Another factor may be that most of the OCM participants around the nation are community oncologists, while a large portion of San Diego oncologists are hospital based.

There also is a sense that practices are performing some services the way the OCM model does, although they may not be as extensive.

For example, Redfern said his Kearny Mesa practice has managed chemotherapy complications in the office for 30 years.

“Patients call 24 hours per day, seven days per week to discuss issues and decide about need for emergency room,” he wrote in an email. “We try to manage symptoms over the phone and see patients in office and avoid the hospital.”

But what if a patient calls at 4:30 p.m. on a Friday, or 9:30 a.m. on a Saturday with symptoms that sound like they could be resolved with rehydration and antibiotics?

"If it is at night or on weekends, the patient will get sent to the ER. We then call the ER and make that step as easy as possible," he replied. "Usually we give orders to the ER staff and the patient is treated and sent back home."

That falls short of what is intended with the OCM, and what the Come Home model accomplished.

A patient’s story

Former Albuquerque banker Sharon Engel, who was recently diagnosed with breast cancer for the second time and again suffered serious chemotherapy complications, said McAneny’s model may have saved her life. At the very least, it gave her a much faster, more pleasant and healthier experience out of the hospital compared to what she endured 14 years ago.

Back then, three days after her first infusion, the drugs' side effects overwhelmed her.

"I felt like I was dying; I just felt like crap" with a high fever and fatigue, she recalled. It was all she could do to drive herself to the closest emergency room, which admitted her for four days.

Engel recovered. But this summer, breast cancer was caught in a mammogram. And again Engel, now 72, developed serious side effects from chemotherapy — this time dehydrating diarrhea serious enough to send her to the hospital. It was late on a Saturday afternoon when she realized how quickly she was getting worse.

This time, however, Engel didn't go to the hospital.

Instead, she called McAneny's New Mexico Cancer Center, where a nurse practitioner logged her symptoms and arranged to see her the next day.

After two hours of medication and a saline drip, she went home feeling much better and got back on schedule with her chemotherapy.

McAneny said she and her team reassure patients that it’s important for them to come to her practice first, and not call 911. "We know what drugs you’re taking, what their side effects are and are not. We can take care of you here. And if you do have to go to the hospital, we’ll arrange for transportation and make sure you don’t have to wait in the ER.”

But McAneny is worried that major health systems across the country are hiring providers to treat cancer patients in hospital-based systems, or buying up physician oncology practices.
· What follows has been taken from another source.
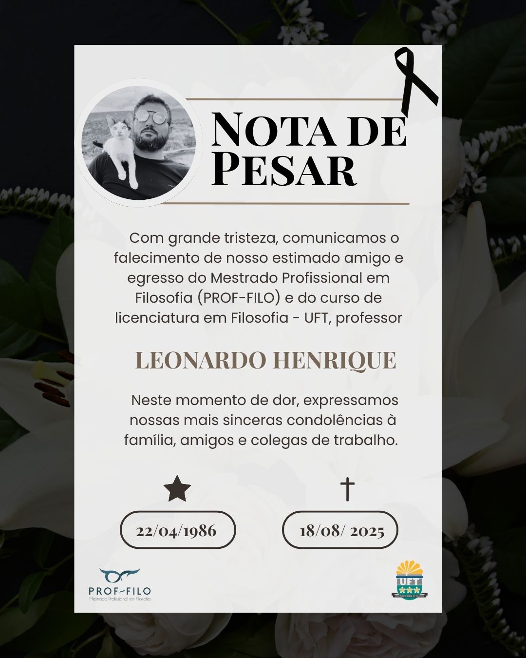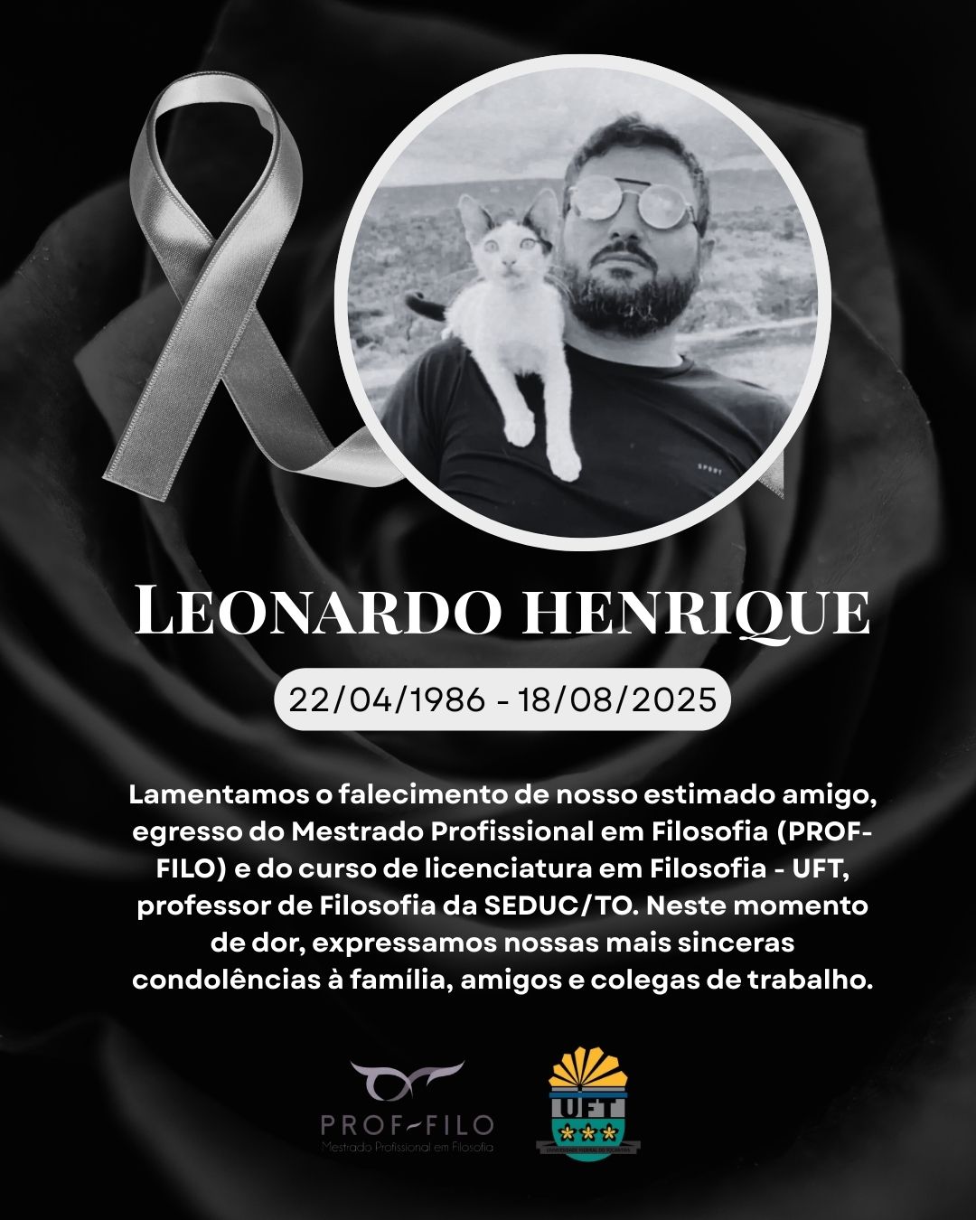 Em mensagem, a Coordenação informa que Leonardo Henrique foi um exemplo de sucesso da Filosofia da UFT. Graduou-se em Licenciatura em Filosofia e, logo em seguida, especializou em ética e filosofia política e, tornou-se Mestre em Filosofia pelo Mestrado Profissional em Filosofia (Prof-Filo) a partir de uma pesquisa que destacava a sua prática em sala de aula e a sua filiação à filosofia de Heidegger. Era professor do quadro efetivo da Seduc-TO e lecionava no ensino superior na rede particular de Palmas. Teve uma brilhante passagem como professor substituto na Licenciatura em Filosofia onde deixou saudades entre os estudantes.

That’s apparent in some recent statistics. An April Milliman report shows patients are receiving chemotherapy infusions much more often in hospital based facilities than independent physician office practices. And the care is more expensive.
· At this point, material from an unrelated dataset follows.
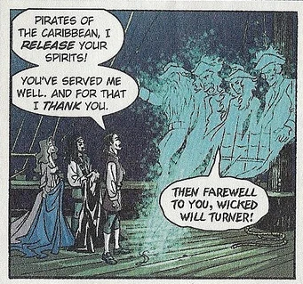 The Buccaneer's Heart! is a comic published in Disney Adventures in 2004, notable for featuring the "spirits of the pirates of the Caribbean" with Jack Sparrow.[1] However, the comic is considered non-canon due to the "spirits" appearing as still-living characters, as fated in later releases of various media:

A report from a Washington, D.C., based health care research company, Avalere Health, showed hospital outpatient departments were paid 21 percent more for an average three-month chemotherapy care than physicians’ office-based practices were paid.

"That’s entirely the wrong track," McAneny said. "It might work in a small number of integrated systems, like Geisinger or the Mayo Clinic, but when there’s no competition, prices go up, not down."
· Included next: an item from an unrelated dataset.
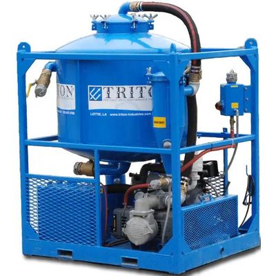 Triton`s Solid Recovery Package is used to collect solid product, such as sand, blasting media, grain, limestone, cement dust, coal dust, etc. These solids products are collected through the use of the Triton Solids Recovery Package, which includes a Collection Tank, Baghouse, and Triton Vacuum Unit, at rates of 500-1000 lbs/hr.

Although data so far seem to support McAneny’s model, she worries that her practice may not see the future.

She sued Presbyterian Healthcare Services, Presbyterian Health plans and Presbyterian Insurance Co. Inc., challenging the fact that the health plan and the hospital were part of the same corporation, which she says violates antitrust laws.

Jeffrey LeVee, an attorney representing Presbyterian, denied McAneny’s complaints. He said one part of McAneny’s claim against Presbyterian’s hospitals has been dismissed. He declined to comment further on the record.

McAneny persists but says if she loses her case against Presbyterian, "I don't know if we'll still be here.”